As I have said before–over and over and over again–when the Federal Reserve engages in quantitative easing it buys up assets that have duration risk in exchange for securities that have no nominal risk at all. Either it holds those securities until maturity–in which case that risk is extinguished, as throughout the period those securities are live losses on the Federal Reserve’s marked-to-market portfolio are exactly offset by increases in expected future capital gains–or should it unwind that transaction it simply returns the amount of risk the private sector must bear to its previous value. How then can quantitative easing possibly increase risk?

It remains a mystery to me. The fullest explanation I can find from a regional Federal Reserve Bank President who fears that quantitative easing raises risk is this from Richard Fisher:

Richard Fisher: Beer Goggles, Monetary Camels, the Eye of the Needle and the First Law of Holes: “Peter Boockvar, who is among the plethora of analysts offering different viewpoints

that I regularly read to get a sense of how we are being viewed in the marketplace. Here is a rather pungent quote from a note he sent out on Jan. 2:

…QE [quantitative easing] puts beer goggles on investors by creating a line of sight where everything looks good…

For those of you unfamiliar with the term “beer goggles,” the Urban Dictionary defines it as “the effect that alcohol … has in rendering a person who one would ordinarily regard as unattractive as … alluring.” This audience might substitute “wine” or “martini” or “margarita” for “beer” to make it more age-appropriate, but the effect is the same: Things often look better when one is under the influence of free-flowing liquidity…. Today, I want to muse aloud about whether QE has indeed put beer goggles on investors and whether we, the Fed, can pass the camel of massive quantitative easing through the eye of the needle of normalizing monetary policy without creating havoc.
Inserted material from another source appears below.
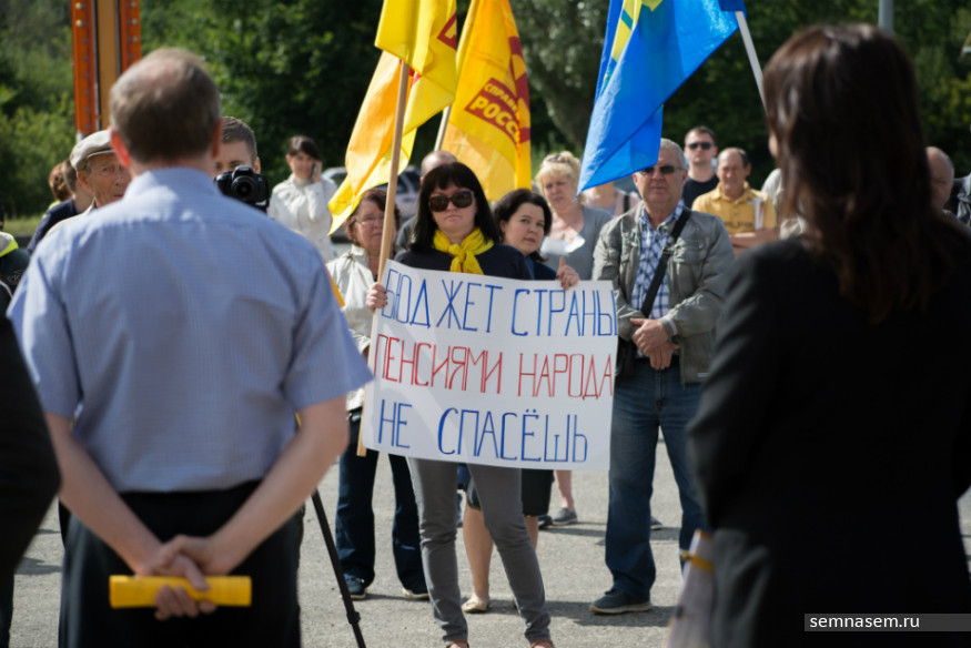 — Нам говорят, что высшим носителем власти в Российской Федерации является многонациональный народ, а 91% этого народа категорически против пенсионной реформы, но его не слушают. Нам говорят, что мы находимся все в одной лодке, и в это тяжелое время не надо проводить действия, чтобы эта лодка не опрокинулась. Давайте спросим президента Путина: «А ты пригласил на разговор за чаем олигархов?» Давайте делиться, раз всем тяжело! Надо спросить у Медведева: «А ты собрал банкиров, которые жируют на наши с вами деньги?»

Boockvar is right. When money available to investors is close to free and is widely available, and there is a presumption that the central bank will keep it that way indefinitely, discount rates applied to assessing the value of future cash flows shift downward, making for lower hurdle rates for valuations. A bull market for stocks and other claims on tradable companies ensues; the financial world looks rather comely.

Market operators donning beer goggles and even some sober economists consider analysts like Boockvar party poopers. But I have found myself making arguments similar to his and to those of other skeptics at recent FOMC meetings, pointing to some developments that signal we have made for an intoxicating brew…. Share buybacks financed by debt issuance that after tax treatment and inflation incur minimal, and in some cases negative, cost…. Dividend payouts financed by cheap debt that bolster share prices…. Stock market metrics such as price-to-sales ratios and market capitalization as a percentage of gross domestic product at eye-popping levels not seen since the dot-com boom of the late 1990s. Margin debt that is pushing up against all-time records. In the bond market, investment-grade yield spreads over “risk free” government bonds becoming abnormally tight. “Covenant lite” lending becoming robust and the spread between CCC credit and investment-grade credit or the risk-free rate historically narrow.

I will note here that I am all for helping businesses get back on their feet…. But I worry when “junk” companies that should borrow at a premium reflecting their risk of failure are able to borrow (or have their shares priced) at rates that defy the odds of that risk…. And then there are the knock-on effects of all of the above…. During the financial debacle of 2007–09, I was able to buy for a song volumes I have long coveted (including a mint-condition first printing from 1841 of Mackay’s Memoirs of Extraordinary Popular Delusions, which every one of you should read and re-read, certainly if you are contemplating seeing the movie The Wolf of Wall Street). Today, I could not afford them. First editions, like paintings, sculptures, fine wines, Bugattis and homes in Highland Park or River Oaks, have become the by-product of what I am sure Bill Martin would consider a party well underway….

Here is the point as to the market’s beer goggles. Were a stock market correction to ensue while I have the vote, I would not flinch from supporting continued reductions in the size of our asset purchases as long as the real economy is growing, cyclical unemployment is declining and demand-driven deflation remains a small tail risk; I would vote for continued reductions in our asset purchases, with an eye toward eliminating them entirely at the earliest practicable date.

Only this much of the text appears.